YOUR TASK
Please make an exact copy of the listing, without the pictures.

PROVIDED MATERIAL
....................

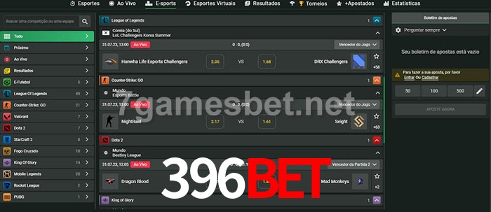 O 396bet oferece uma grande seleção de opções de apostas em e-sports com probabilidades competitivas
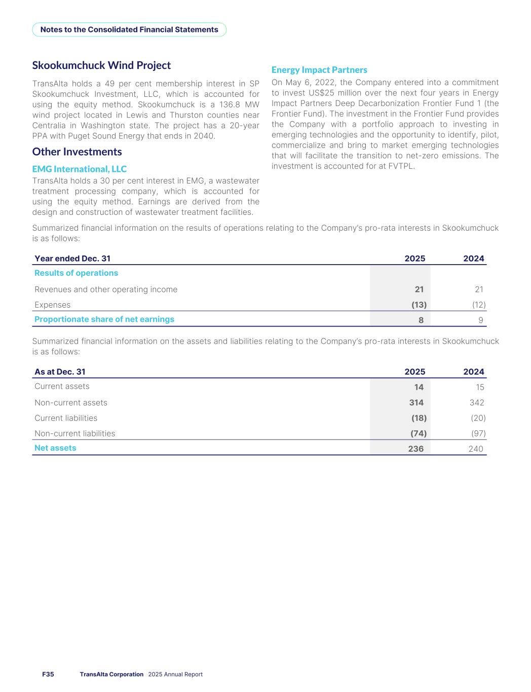 Skookumchuck Wind Project TransAlta holds a 49 per cent membership interest in SP Skookumchuck Investment, LLC, which is accounted for using the equity method. Skookumchuck is a 136.8 MW wind project located in Lewis and Thurston counties near Centralia in Washington state. The project has a 20-year PPA with Puget Sound Energy that ends in 2040. Other Investments EMG International, LLC TransAlta holds a 30 per cent interest in EMG, a wastewater treatment processing company, which is accounted for using the equity method. Earnings are derived from the design and construction of wastewater treatment facilities. Energy Impact Partners On May 6, 2022, the Company entered into a commitment to invest US$25  million over the next four years in Energy Impact Partners Deep Decarbonization Frontier Fund 1 (the Frontier Fund). The investment in the Frontier Fund provides the Company with a portfolio approach to investing in emerging technologies and the opportunity to identify, pilot, commercialize and bring to market emerging technologies that will facilitate the transition to net-zero emissions. The investment is accounted for at FVTPL. Summarized financial information on the results of operations relating to the Company’s pro-rata interests in Skookumchuck is as follows: Year ended Dec. 31 2025 2024 Results of operations Revenues and other operating income 21 21 Expenses (13) (12) Proportionate share of net earnings 8 9 Summarized financial information on the assets and liabilities relating to the Company’s pro-rata interests in Skookumchuck is as follows: As at Dec. 31 2025 2024 Current assets 14 15 Non-current assets 314 342 Current liabilities (18) (20) Non-current liabilities (74) (97) Net assets 236 240 F35 TransAlta Corporation 2025 Annual Report
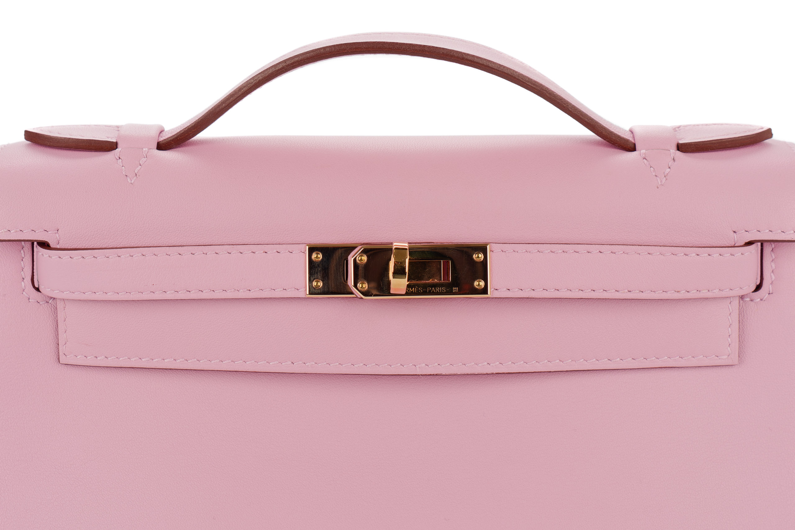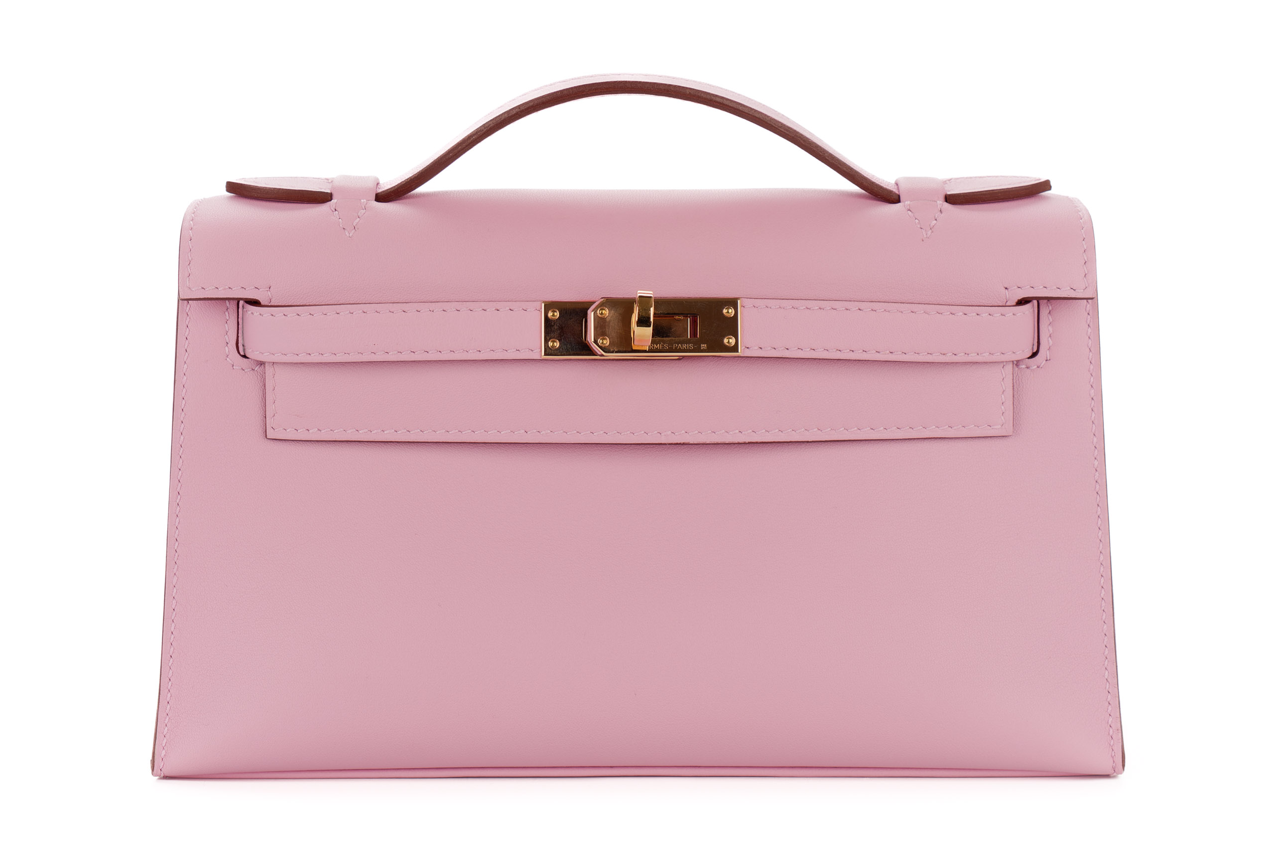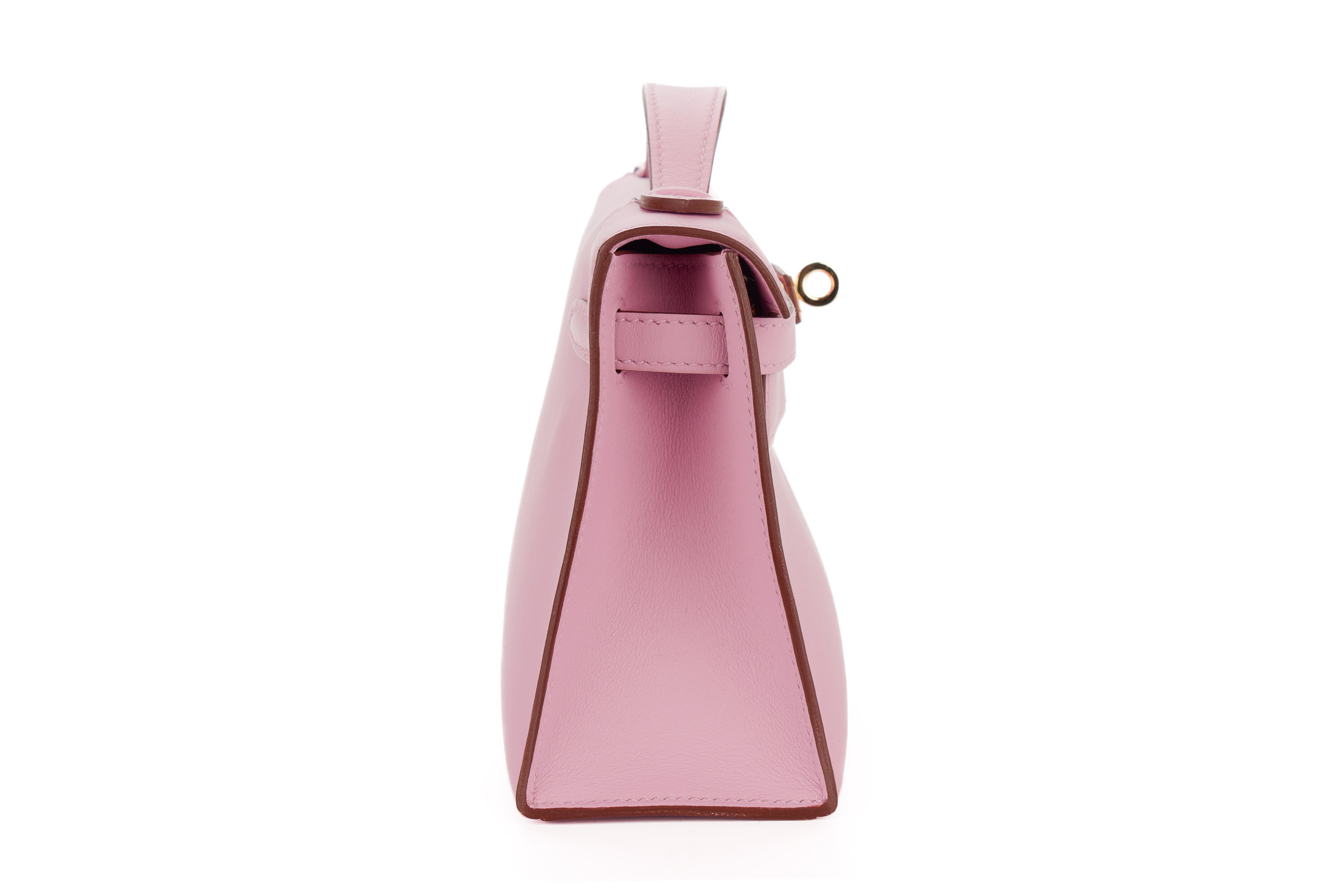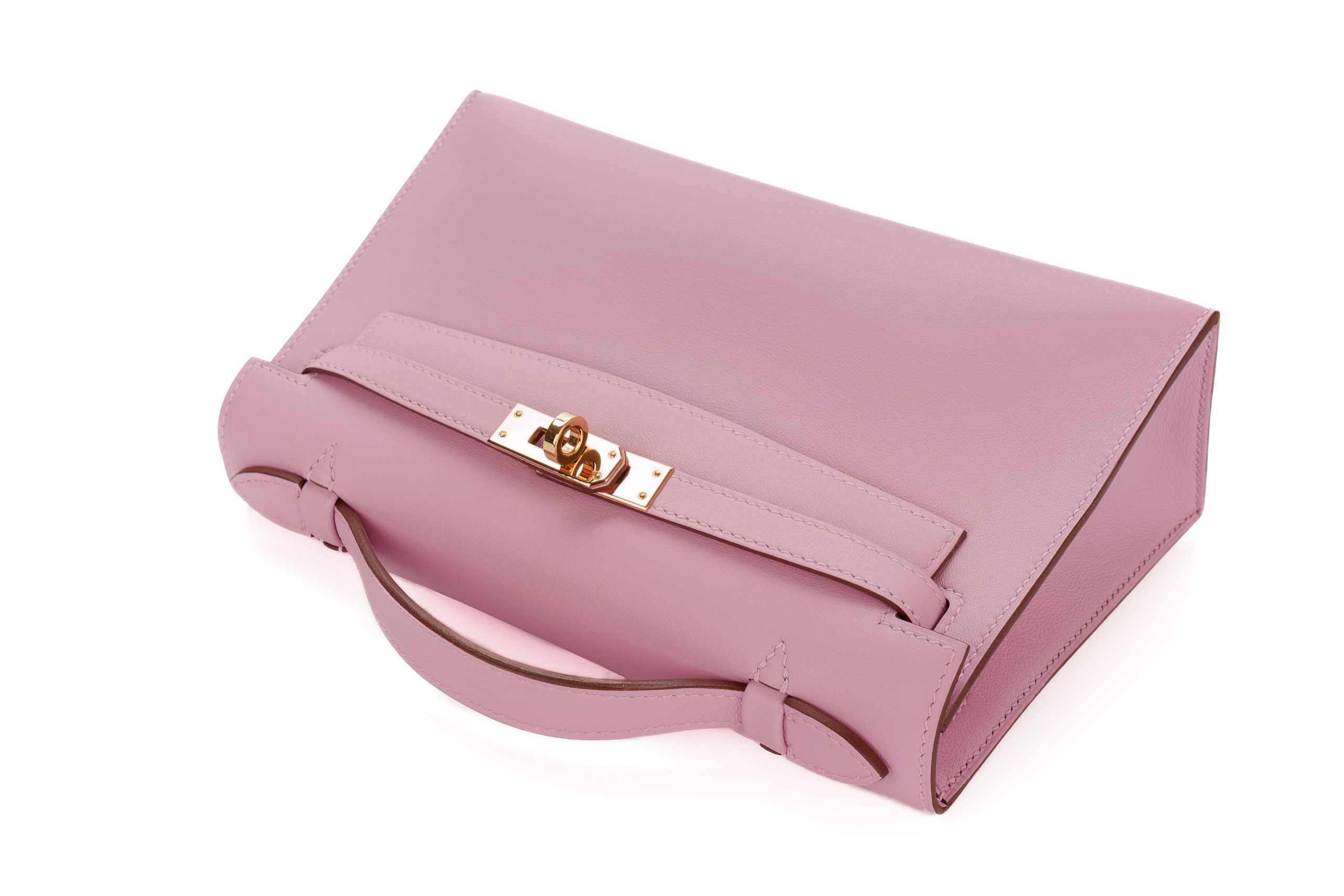 Hermès Kelly Pochette Mauve Sylvestre Swift Rose Gold Hardware / U stamp 2022, Pre-loved

....................

RESPONSE TO THE TASK
 O 396bet oferece uma grande seleção de opções de apostas em e-sports com probabilidades competitivas
 Skookumchuck Wind Project TransAlta holds a 49 per cent membership interest in SP Skookumchuck Investment, LLC, which is accounted for using the equity method. Skookumchuck is a 136.8 MW wind project located in Lewis and Thurston counties near Centralia in Washington state. The project has a 20-year PPA with Puget Sound Energy that ends in 2040. Other Investments EMG International, LLC TransAlta holds a 30 per cent interest in EMG, a wastewater treatment processing company, which is accounted for using the equity method. Earnings are derived from the design and construction of wastewater treatment facilities. Energy Impact Partners On May 6, 2022, the Company entered into a commitment to invest US$25  million over the next four years in Energy Impact Partners Deep Decarbonization Frontier Fund 1 (the Frontier Fund). The investment in the Frontier Fund provides the Company with a portfolio approach to investing in emerging technologies and the opportunity to identify, pilot, commercialize and bring to market emerging technologies that will facilitate the transition to net-zero emissions. The investment is accounted for at FVTPL. Summarized financial information on the results of operations relating to the Company’s pro-rata interests in Skookumchuck is as follows: Year ended Dec. 31 2025 2024 Results of operations Revenues and other operating income 21 21 Expenses (13) (12) Proportionate share of net earnings 8 9 Summarized financial information on the assets and liabilities relating to the Company’s pro-rata interests in Skookumchuck is as follows: As at Dec. 31 2025 2024 Current assets 14 15 Non-current assets 314 342 Current liabilities (18) (20) Non-current liabilities (74) (97) Net assets 236 240 F35 TransAlta Corporation 2025 Annual Report
 Hermès Kelly Pochette Mauve Sylvestre Swift Rose Gold Hardware / U stamp 2022, Pre-loved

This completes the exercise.